Tarikat mekânlarına ocak denir. Sonra Türk Ocağı var Beyazıt’ta, kahvesini severim. Tabii bir Çorlulu Ali Paşa’da kahve daha kraldır; hem de üç kral falan değil, tek başına kral... Gider misin arada, nargile falan? Öyledir ki kahvesi, içtikçe içersin, güzelim köpük hep üsttedir. Üstelik burada hesap getirmez garsonlar. Eski bilgi, unuttuğumuz; dürüstlük esastır. Kapıya yanaşır, yediğini içtiğini “yalansız” söylersin. Orada, nargilelerin yanında, yosunlu mezar taşlarının önünde, közlerin kırmızısında bekleyen matematik profesörü, her şeyi anında hesaplar, hayırlı işler demeden gitme yalnız, bozuk atar.
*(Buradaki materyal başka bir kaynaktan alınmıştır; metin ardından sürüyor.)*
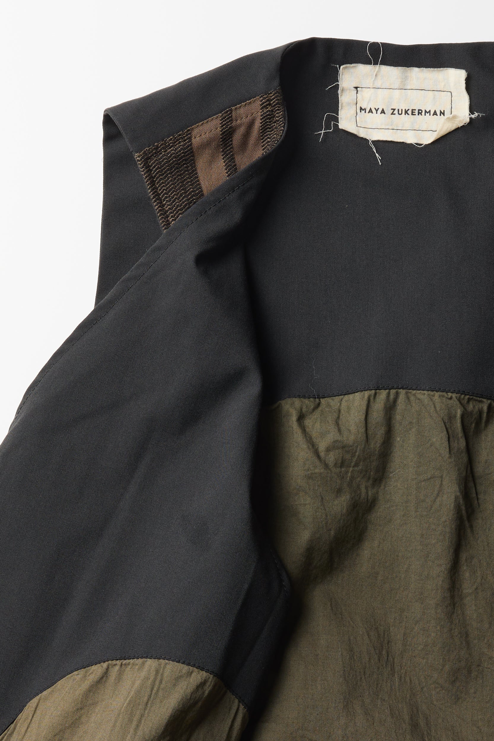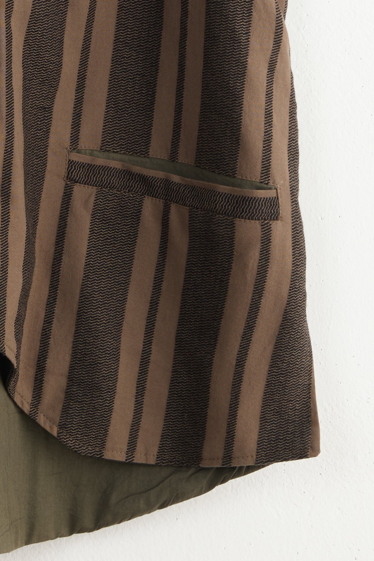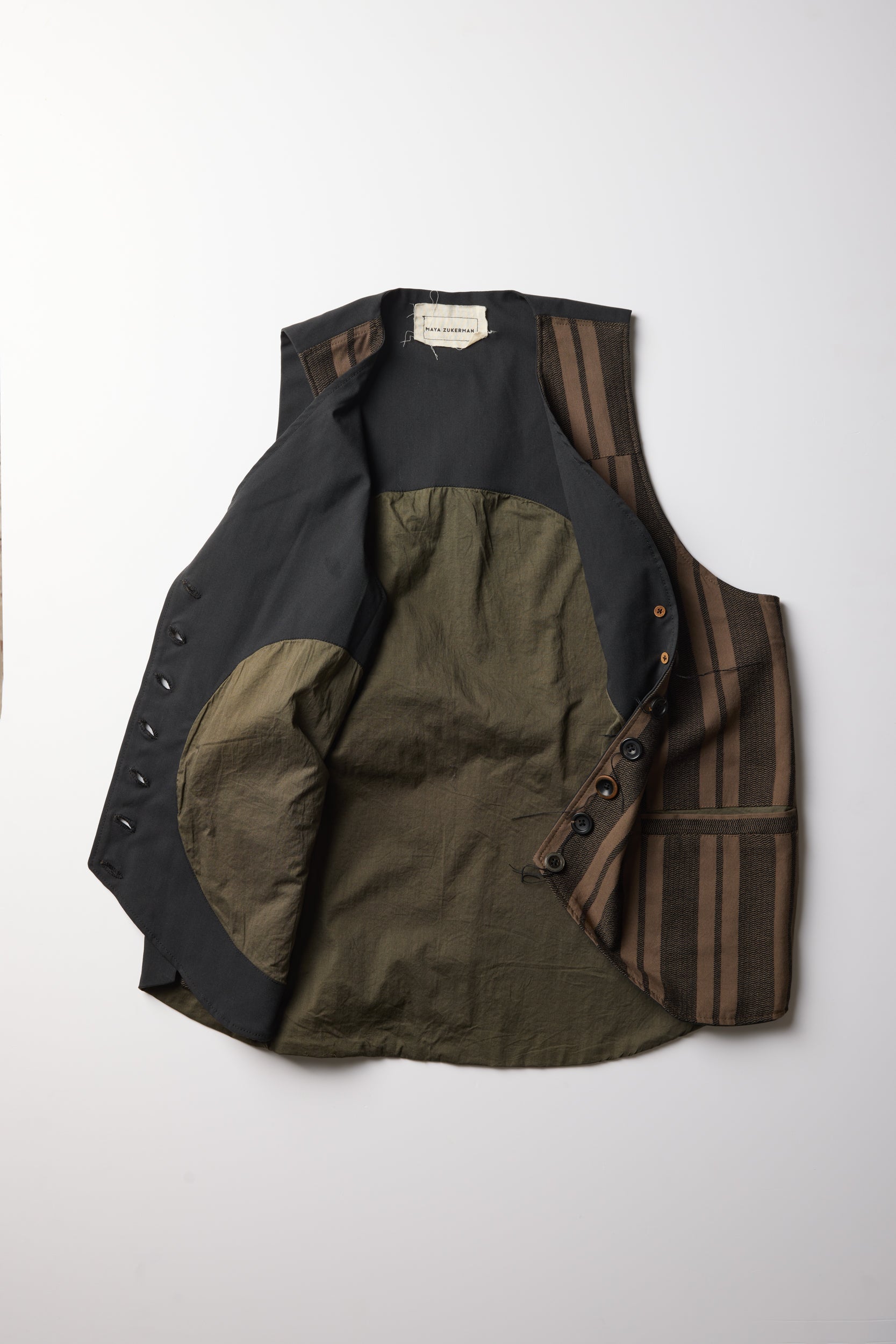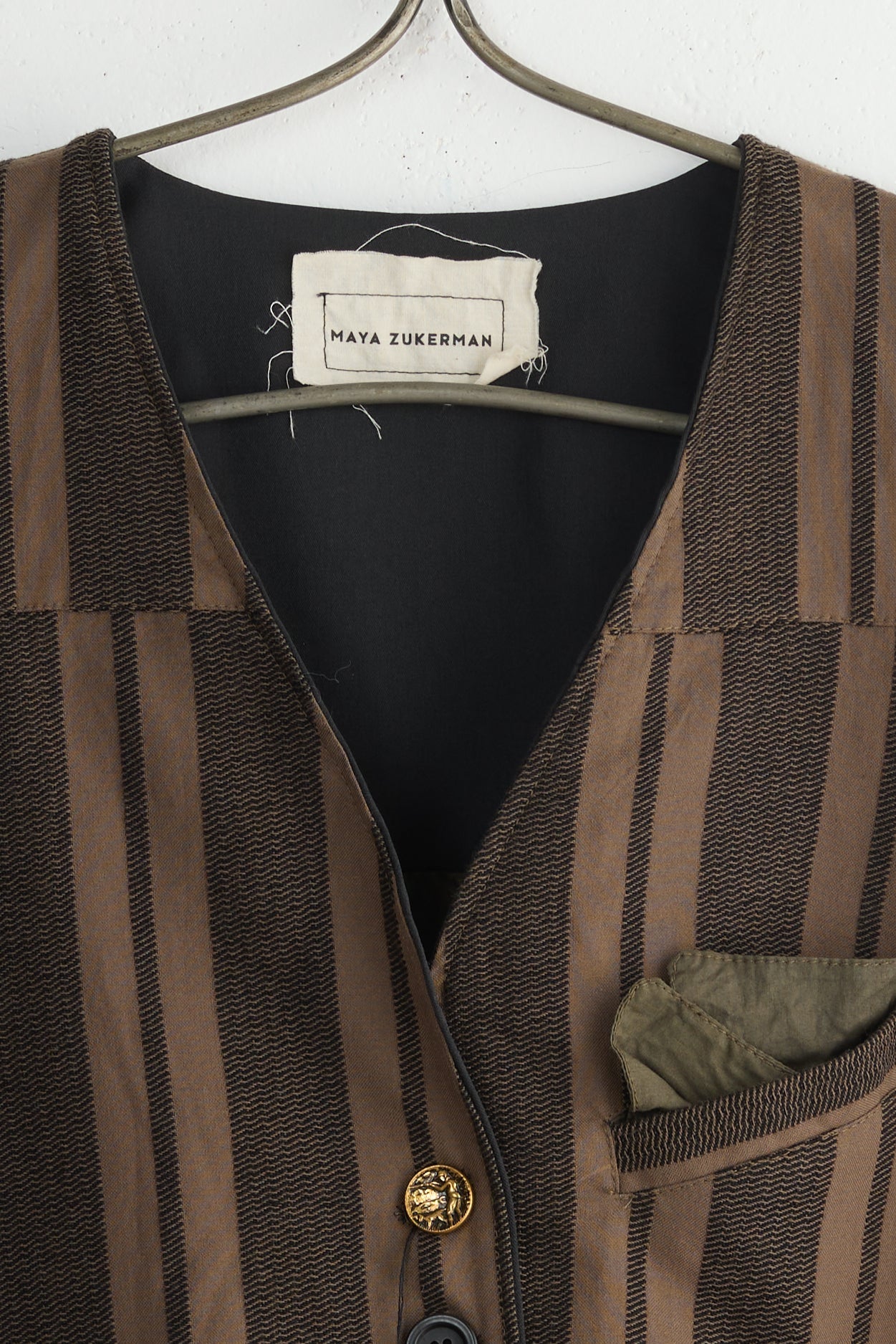 Heathcliff waistcoat by Maya Zukerman. A one of a kind vest made from up-cycled wool with striped pattern. Relaxed, slightly long silhouette with mismatched vintage buttons, hand stitched lopsided button holes and visible thread details. It has three welt pockets, rounded lining and ribbon fastening at the back. Very limited stock, each piece is slightly different and unique.

Cevher çıkarılan yerlere de ocak derler. Çok canı yanan için ocağı söndü denir; canı yanan sağlık ocağına gider. Anadolu’da hastaneye halen sağlık ocağı diyenler var, ne güzel. İncir ağacının kökleri yayılmayı sever, güçlü olduğu için önüne çıkanı sürüyüp çatlatır, bir evin yakınında incir varsa kapıdaki İanus ne etsin, temelinden götürür; bu yüzden eskiler, birinin hali beterse ocağına incir ağacı dikerler, böyle bir “deyim” bulmuşlar, güzel. Kültür, “deyiş”; sanat demek isteyiştir.
Ocağın en güzel yanı da kimi cumartesi günleri, kar ayazından önce, günün son saatlerindeki hafif turuncu kış ışığıdır... O ışıkta ısınıyorum bahara kadar! Benim gibi kış sevmezler, siz de dayanın!